Task directions: Would you transcribe the whole listing exactly and drop its images?

Recorded data:
--------------------------------

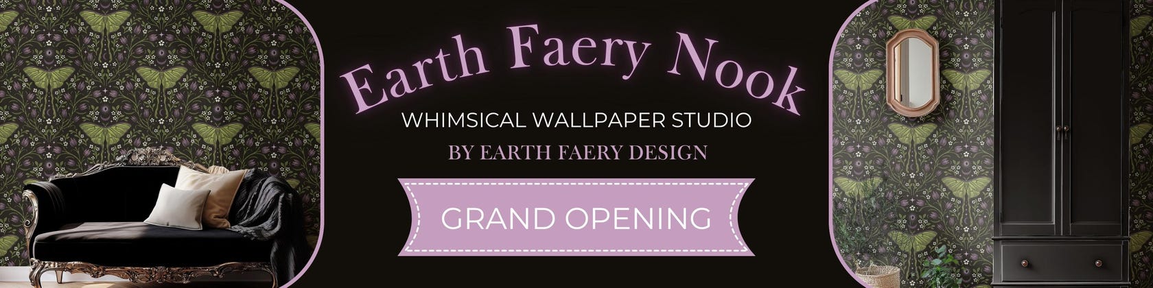 All wallpapers from The Faery Nook are custom-printed through my production partner, using high-quality materials and eco-friendly, water-based inks. Every design is created by me and printed to order, ensuring each piece is made especially for you.
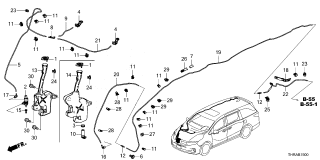 Honda Odyssey parts. Parts like Windshield Washer are shipped directly from authorized Honda dealers and backed by the manufacturer's warranty. Parts fit for the following vehicle options. Body & Trim: 5 Door EX-L. Emission & Transmission: 10AT.
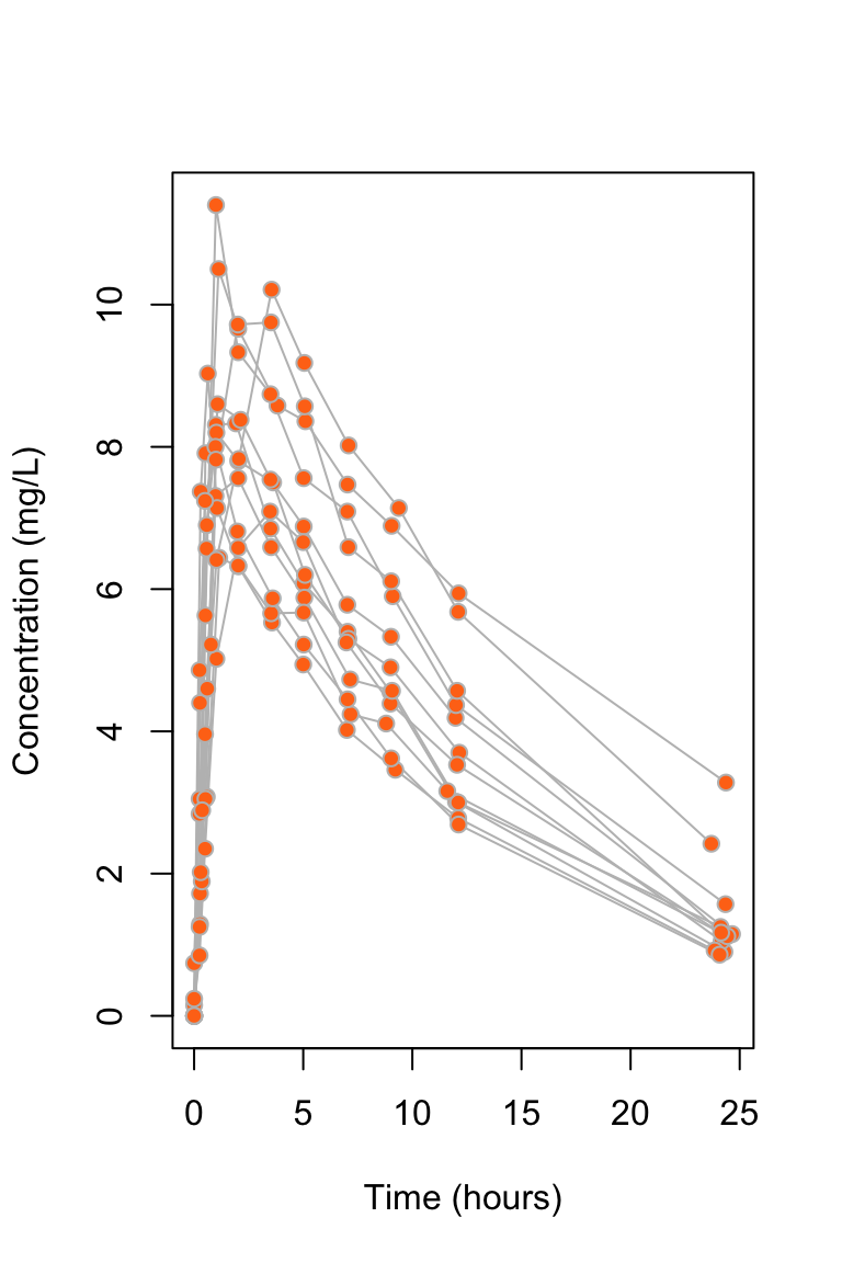 bg = "#ff7518", pch = 21, col = "grey")Theophylline is an anti-asthmatic drug. An experiment was performed on \(12\) individuals to investigate the way in which the drug leaves the body. The study of drug concentrations inside organisms is called pharmacokinetics.

--------------------------------

Exercise output:
 All wallpapers from The Faery Nook are custom-printed through my production partner, using high-quality materials and eco-friendly, water-based inks. Every design is created by me and printed to order, ensuring each piece is made especially for you.
 Honda Odyssey parts. Parts like Windshield Washer are shipped directly from authorized Honda dealers and backed by the manufacturer's warranty. Parts fit for the following vehicle options. Body & Trim: 5 Door EX-L. Emission & Transmission: 10AT.
 bg = "#ff7518", pch = 21, col = "grey")Theophylline is an anti-asthmatic drug. An experiment was performed on \(12\) individuals to investigate the way in which the drug leaves the body. The study of drug concentrations inside organisms is called pharmacokinetics.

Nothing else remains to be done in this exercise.